Although Bush, the Senate, and the punditocracy never really considered it in these terms (Kerry made a feeble attempt to do so during his campaign), we made a choice when we went to war in Iraq. We chose to try to respond to some threats to our economy by going to war rather than addressing those threats in a more reasonable fashion.
For a number of reasons, it's time we reconsidered the reasons we went to war (I'm aiming to do a post on it sometime soon). But I think our conduct in the war (and our belligerence toward Iran) supports the claim that we went to war to:
- Establish a geopolitically strategic military footprint in the Middle East to replace Saudi Arabia, thereby ensuring we can protect our access to energy supplies, particularly as supplies grow increasingly scarce
- Send a message that we will attack countries that preferentially support the economic position of other countries
- Ensure that the dollar remains the default reserve currency and currency of oil transactions, thereby sustaining the unequal economic system that relies on the debt-ridden American consumer as the primary source of demand
It's too simple to say it's all about oil. But it is about the economic and strategic system which oil fuels. And don't get me wrong--our current economic system can't last much longer without doing something. The US is just too reliant on debt rather than competitiveness to retain its role in the global economy. The question is, was an invasion of Iraq the best way to address our increasing vulnerability in the world?

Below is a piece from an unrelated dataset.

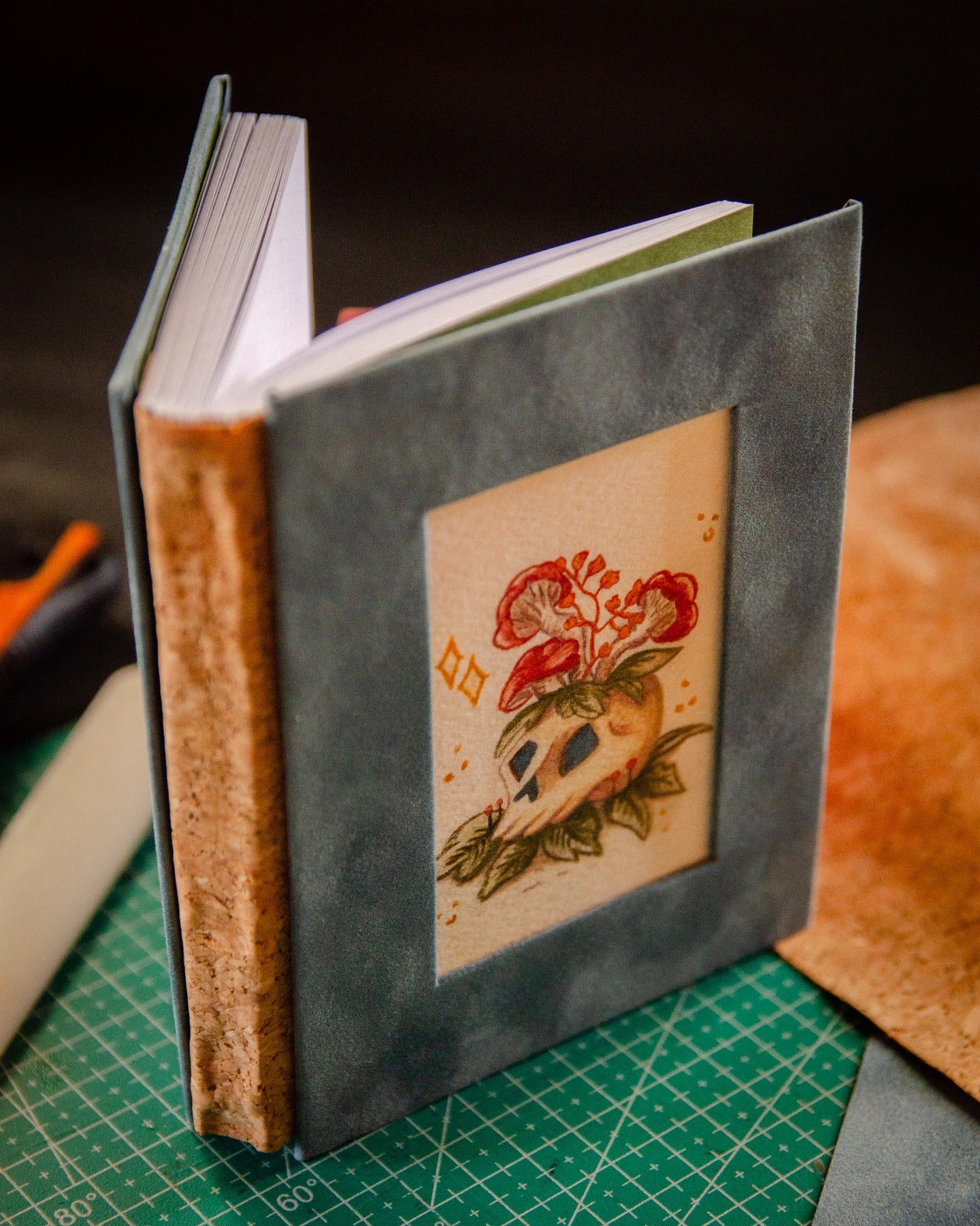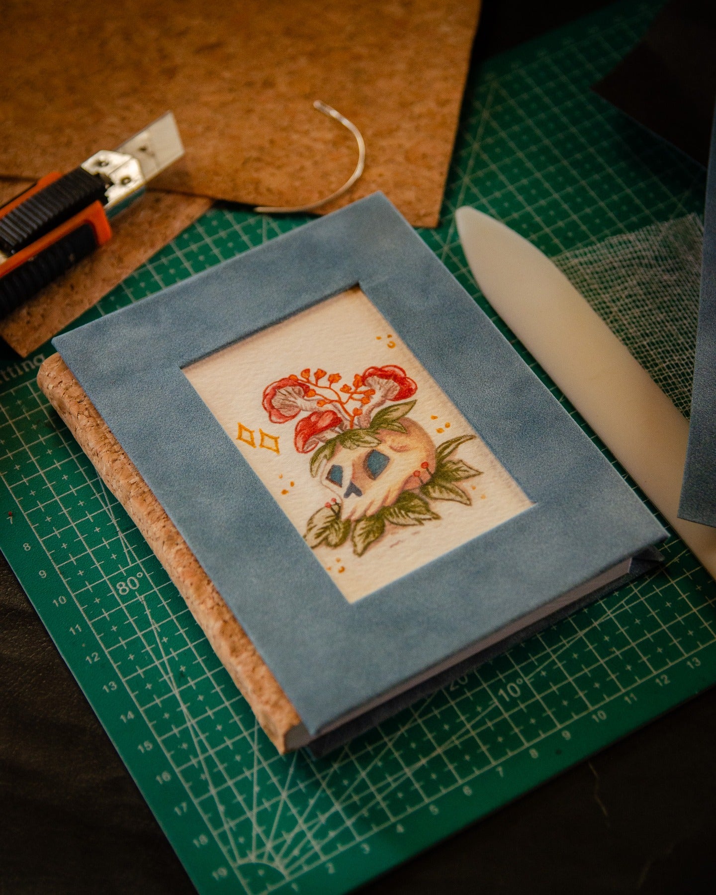 Este cuaderno hecho a mano es una pieza única para amantes del arte, la escritura y la papelería especial. Su portada combina materiales cuidadosamente seleccionados: un marco en textura gamuza azul, lomo en corcho natural y una ilustración central impresa en papel artístico con acabado acuarela. Cada elemento se ensambla a mano, creando un objeto duradero, estético y completamente original.

Frankly, I don't know. But I'd like smart people who actually have some expertise (unlike me) in economics to consider an alternative. What if, rather than going to war, we had invested that trillion dollars into an energy Manhattan Project? What if we had used that money to develop new technologies and manufacturing systems that would diminish the importance of oil in geostrategic equations and in setting the reserve currency?
I would imagine such an investment would have been a massive stimulus to our economy, creating a bunch of high-paying jobs and an economic sector where the US would be dominant internationally. I would imagine it would create technologies the US could export again--stuff other countries wanted to buy. I would imagine such an approach would minimize insecurity, one of the costs Stiglitz and Bilmes associate with the Iraq war. Like I said, I'm not really qualified to answer these questions, but I would imagine that such an approach would have gone a long way to resolve the threats that underlie our reasons for war. All without getting anyone killed.
And as an added bonus, it would have addressed some of the causes of global warming.
See, I've been saying for a while that it's not just that Bush lied us into a war and botched important parts of conducting that war. It's that Bush chose the least effective approach to respond to some threats to this country. And we'll be paying for that poor choice for quite some time.